To develop this prototype, I leveraged a library called LibCST that I used in a previous project. I was familiar with using it for a similar purpose to find instances of various things in Python files. I was able to leverage some source code from the previous project and work off of it to create new functions.

The prototype that I created will provide a large amount of support for my project. I believe that I will be able to directly continue implementation on it to create a good sized tool. The main purpose of my prototype was to build the framework that would allow me to add further functions to accomplish new goals. Seeing as I accomplished that, I believe that I can move forward and expand.

Experimentation

My main question that I aimed to answer with my experiment is: How descriptive are the assigned variables of Python programs? Though this is my research question, I was not able to answer it fully with the limited functionality of my prototype. Rather, I used the results that I was able to produce to draw conclusions about the descriptiveness of assigned variables.

My experiment began with choosing three datasets to run through my prototype tool. I chose to use three Python projects in the GatorEducator GitHub organization. I extracted all of the Python files from the main source directories of each project. This manual extraction made me realize that it is a very inefficient way to gather data. With all of the Python files in a separate folder in my prototype repository I was able to first run the find-variables command on each folder. I then ran the find-variable-lengths command on each file in each of the folders. I also realized that this method of running the tool on a large amount of data is inefficient and tedious.

In terms of the results that I obtained from my experiment, I ran the find-variables command to output a basic visualization of how many assignment statements were in each file of each directory. It is important to note that these are the found assignment statements, not necessarily standard variables. Upon running the command to output the lengths of the variable names, there were many instances of non-standard assignment statements. I implemented a feature in my prototype to catch these instances and return an error. So, I was able to look past these errors to analyze the data of all the standard variables.

In relation to the completion of my project, this experimentation has taught me a few important things. Firstly, it gave me experience with experimentation that will allow me to more easily create and complete new experiments. It also taught me that in order to set up an experiment properly, a strategic way of collecting data is necessary. Lastly, I learned that experiments may result in some data that I was not expecting, so I can be expected to handle such data. I will use these learning experiences as I run other experiments.

For a basic analysis I calculated the averages of the lengths of all the variable names in each file. I put the averages on bar graphs to visualize them.

gatorgrader graph GatorGrader Averages

gatorminer graph GatorMiner Averages

sheetshuttle graph SheetShuttle Averages

These results showed a basic depiction of how descriptive the variable names are for the various files in the three projects shown. Though, there is no real basis to leverage this information off of. So, it is more beneficial in this case to compare the length or variable names between files in the projects as well as the overall averages between them. It can be seen that there is a lot of variation in the GatorGrader project whereas there is not much in the other two. This shows that GatorGrader may lack consistency in this way. Looking at overall averages, GatorGrader has a value of 13.6980057, GatorMiner has 9.126903553 and SheetShuttle has 9.105882353. From this information it can be determined that the variable names used in GatorGrader are (on average) the most descriptive of the three projects. There are some things in this analysis that skew the results such as accounting for files with no assigned variables. Things like this should be looked at more carefully in future experimentation for more accurate results.
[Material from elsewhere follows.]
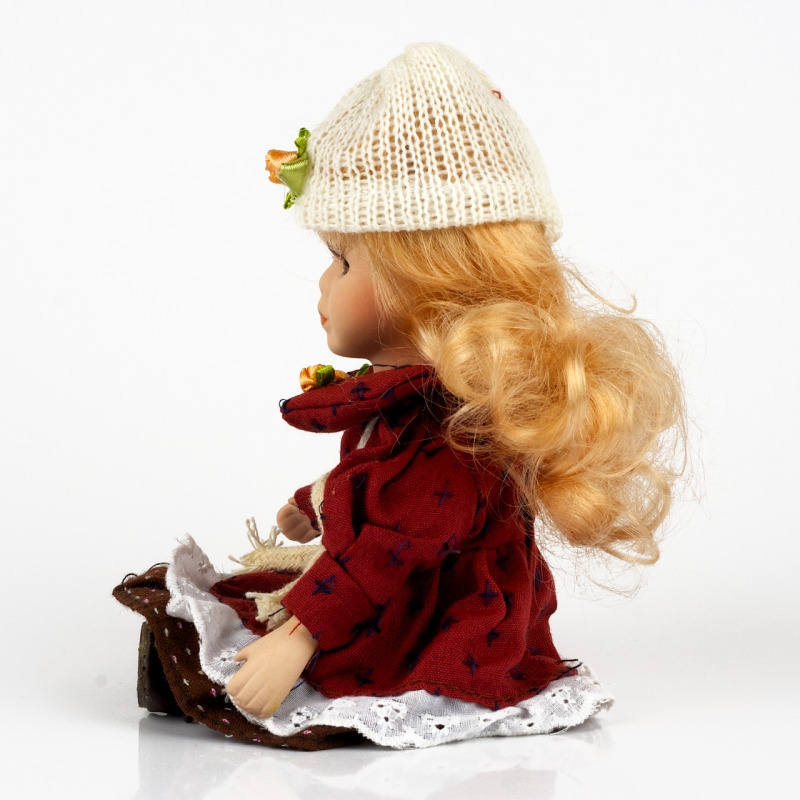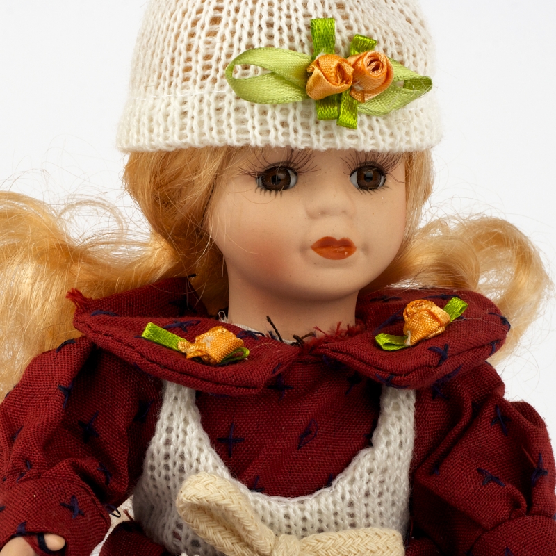 Porcelánová panenka má šatičky s vyšitými ozdobami, zakončené bílou krajkou. Na hlavě má pletenou bílou čepici s růžičkou. Botičky panenky jsou hnědé, šněrovací. Obličej je velice realisticky propracová do každého detailu. Dlouhé řasy, modré oči a rozpuštěné blonďaté vlásky.

I decided to use the above visualizations because they are very basic and easy to understand for a wide audience. Also, the results of my experiment were not very complex to begin with, so a simple visualization was all that was necessary. In addition, these graphs can be used as a baseline when further results are yielded in the future.

Ethics

On the surface I do not see any ethical concerns with my research. Naming conventions in the Python language is a very straightforward topic that does not contain much room for unethical behavior. Though, if any concerns arise, it is important that I recognize them. To deal with this, I will overview my work consistently with ethics in mind to ensure that I catch any potential concerns. If I do catch any problems, I will make it a priority to either change the way I continue my project or implement a strategy to resolve the it.

Conclusion

The next steps to develop and complete my research project will start with backtracking to the initial few assignments of this course. I will complete more thorough research about Python naming conventions in order to see what other information exists. From there, I will continue to expand my tool so that it is more capable to run experiments with. With more research, implementation and experimentation, I believe I will be able to thoroughly complete my research project.

Thomas Antle